Keep up the good work

Minyan Steve


Actually, M3 has no correlation whatsoever to stocks, GDP, corporate earnings, or anything else for that matter. Incredible as that may seem, this is one of the reasons the Fed is abandoning it (well, one of the stated reasons anyway): it's uselessness in providing real economic (or financial market) insight.

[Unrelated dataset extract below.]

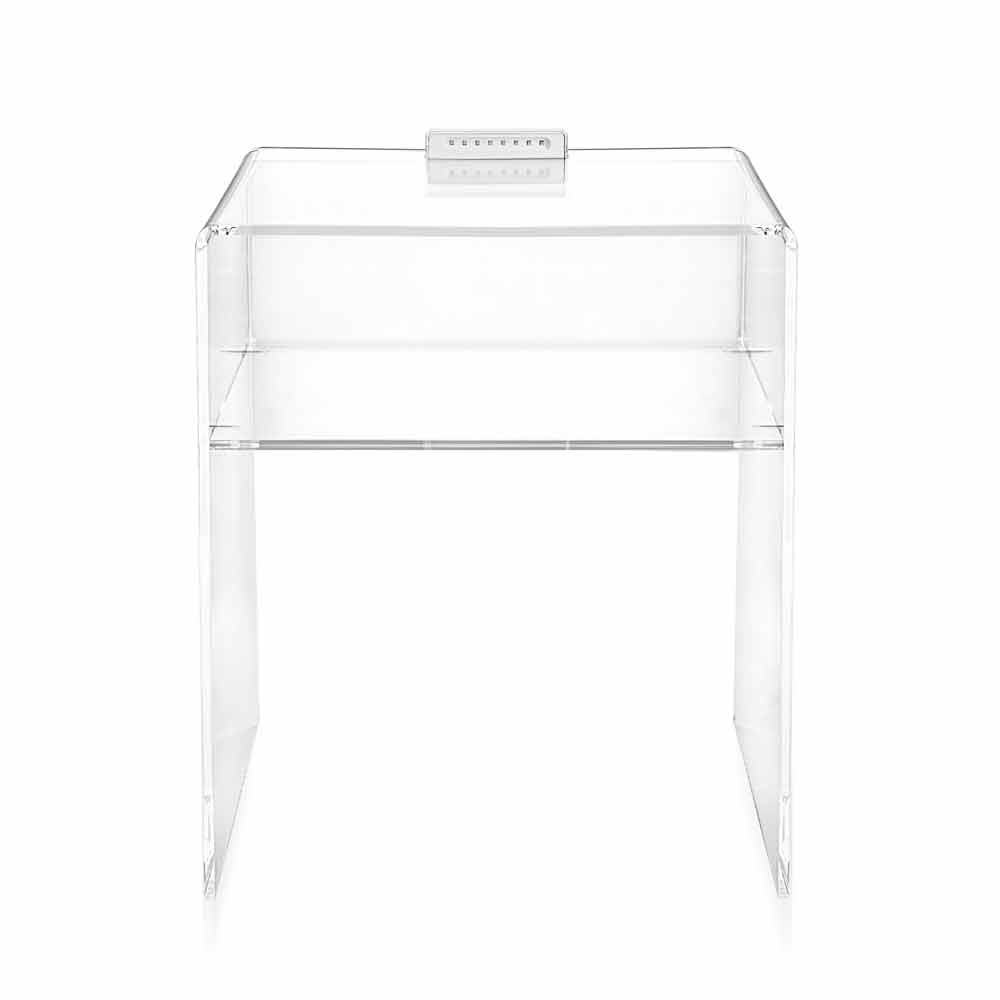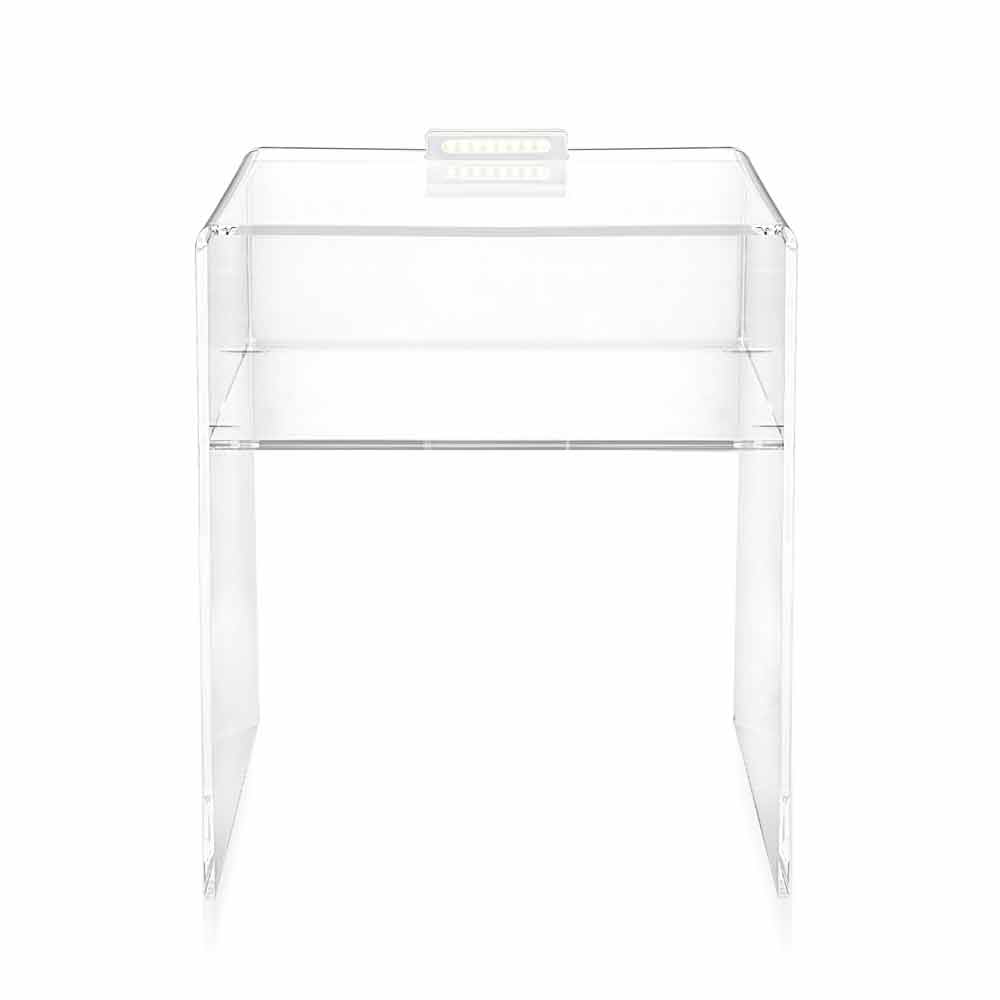 Moderna mesa lateral transparente com iluminação LED Adelia, fabricada na Itália

Your statement that "Since monetary levers took over in 2002, all assets are little more than a proxy for the (over) availability of credit" is one of the most important insights an investor can have. [I would quibble a bit with it by saying that the institutional means of credit expansion (the Fed) must be accompanied by the desire for credit (i.e. demand for risk) but that is a minor point.] My entire point since the great reflation of 2001 has started (and let's not forget this is part of a reflation going back to 1987 at minimum) is that the desire for risk - risk seeking behavior - accompanied by the institutional mechanisms in place to reflate the money supply is THE cause of the asset speculative frenzy in EVERY asset class: stocks, corp. bonds, commodities (yes, gold and silver included), currencies, treasuries, derivatives, etc. Credit booms are booms: they affect everything that is denominated in dollars to a greater or lesser extent. Folk are moaning precisely b/c even when you take the foot off the accelerator a bit you risk a crash: you might still be going 60 mph but the relative decline in speed is what is important b/c it is the RELATIVE decrease in liquidity that affects the marginal economic activity/speculation. And our work suggests that an enormous amount of the economic activity/speculation has been marginal. Thus it is at serious risk for even the smallest decrease in liquidity...even if they are still pumping in absolute terms.

If by embracing the obvious you mean engaging in the same risk taking behavior as those long, say, Gold or stocks with sentiment at 80%+ bulls, be glad you ignored it. I have a new angle on an old saying: "no good crowd ever goes unpunished."

Be glad you aren't part of the crowd.